0

On a Windows Server 2019 Enterprise, we have a disk with just one directory.

When we check the properties of the directory, the summary of file sizes is more than twice the amount of diskspace used (see picture) When we do a "dir /s" on this directory, the numbers are about the same.

What's wrong with the directory properties dialog? No symbolic links or directory shortcuts...

Size comparison

Dave M
  • 13,138
  • 25
  • 36
  • 47
AlexK
  • 101
  • 3
  • Probably related to the massive number of file and folders? You have hundreds of thousands of files and folders in there. Why the size used on disk is *smaller* than the actual folders though, I have no idea. I thought this would be the other way around? –  Oct 09 '19 at 10:51
  • 1
    Possible duplicate of [Why is the folder size (in properties) different from the total file/folder sizes in the folder?](https://superuser.com/questions/567175/why-is-the-folder-size-in-properties-different-from-the-total-file-folder-size) – Moab Oct 09 '19 at 12:26
  • I feel this is not a duplicate, as what is happening here is the *other way around* compared to the linked question.
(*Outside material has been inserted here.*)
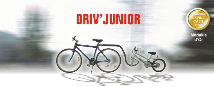 tandem un vélo adulte et un vélo enfant ( transformation de votre vélo enfant en vélo suiveur ) . Le DRIV'JUNIOR a remporté la médaille d'or du Concours LEPINE à Caen
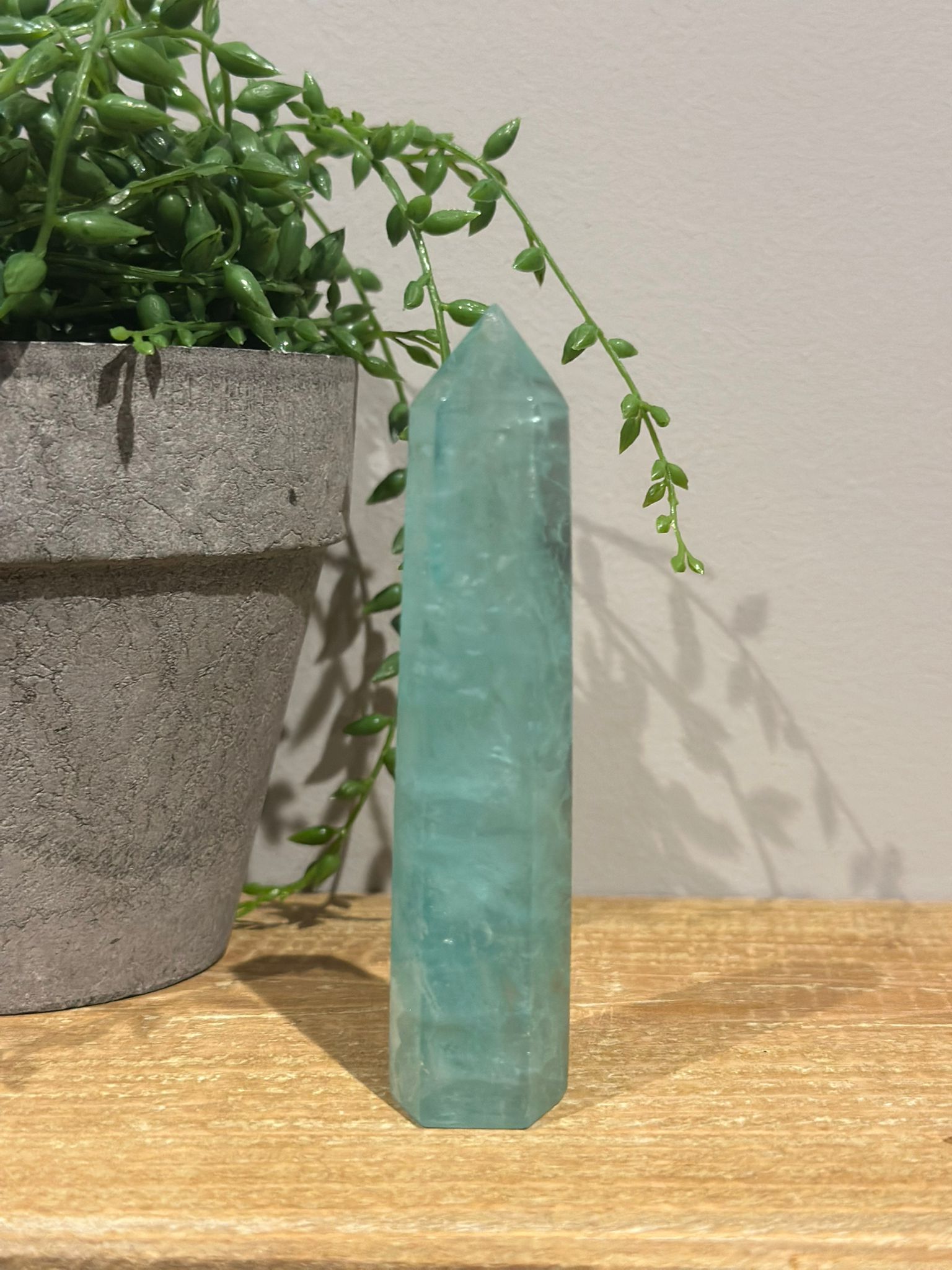 In deze gepolijste puntvorm werkt fluoriet gericht en versterkt. Richt haar naar boven voor helderheid en verbinding met hogere energieën, of naar beneden voor diepe aarding en focus. Een krachtige tool voor meditatie, energetisch werk of simpelweg als rustgevend anker in je ruimte.

The individual folders are showing up as consuming far *more* space than the disk itself shows, not *less*. I think a symbolic link to another volume may have found its way into the folder somewhere. –  Oct 09 '19 at 14:27

1 Answers1

1

No symbolic links

Are you sure about that? With this many files and folders buried, you might very well have a symbolic link somewhere.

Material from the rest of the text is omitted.